_Aim of the task_:
Please return the listing below word for word, minus its pictures.

_Information provided_:

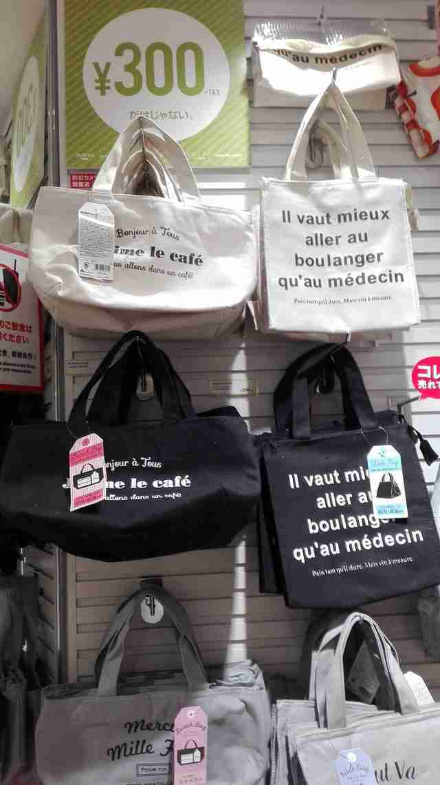 実際にお店に行ってみると、さっそくありました!壁にかかっているのを見ると、普通のトートバッグのようです。
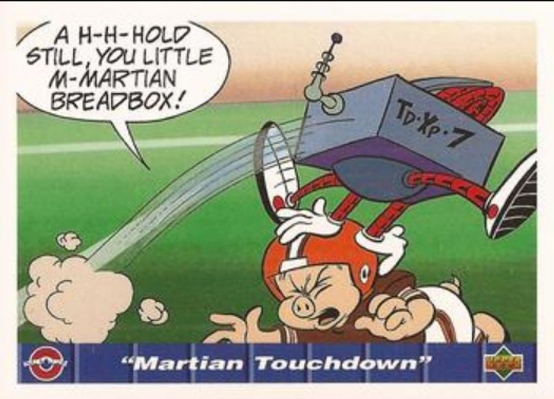 The Martian Touchdown 1992 Upper Deck Comic Ball IV #161 Base card is 1 of 18 Martian Touchdown's card variations in the 1992 Upper Deck Comic Ball IV set being tracked by Sports Card Investor, including #154 Base, #155 Base, #156 Base, #157 Base, and #158 Base.
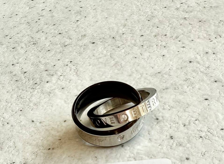 حک نوشته ی love و power در دو سمت نگین حلقه های دورنگ در هر آویز
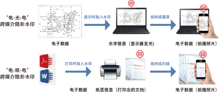 跨媒介隐形水印技术是一种特殊的数字水印技术,指的是在电子数据中加入人们不可感知的数字水印,该电子数据通过屏幕显示、打印机打印转换成光学信息和纸质信息,在对屏幕或纸质文档拍照、扫描形成的电子数据图像中仍包含原先嵌入的数字水印。

_Solution for this task_:
 実際にお店に行ってみると、さっそくありました!壁にかかっているのを見ると、普通のトートバッグのようです。
 The Martian Touchdown 1992 Upper Deck Comic Ball IV #161 Base card is 1 of 18 Martian Touchdown's card variations in the 1992 Upper Deck Comic Ball IV set being tracked by Sports Card Investor, including #154 Base, #155 Base, #156 Base, #157 Base, and #158 Base.
 حک نوشته ی love و power در دو سمت نگین حلقه های دورنگ در هر آویز
 跨媒介隐形水印技术是一种特殊的数字水印技术,指的是在电子数据中加入人们不可感知的数字水印,该电子数据通过屏幕显示、打印机打印转换成光学信息和纸质信息,在对屏幕或纸质文档拍照、扫描形成的电子数据图像中仍包含原先嵌入的数字水印。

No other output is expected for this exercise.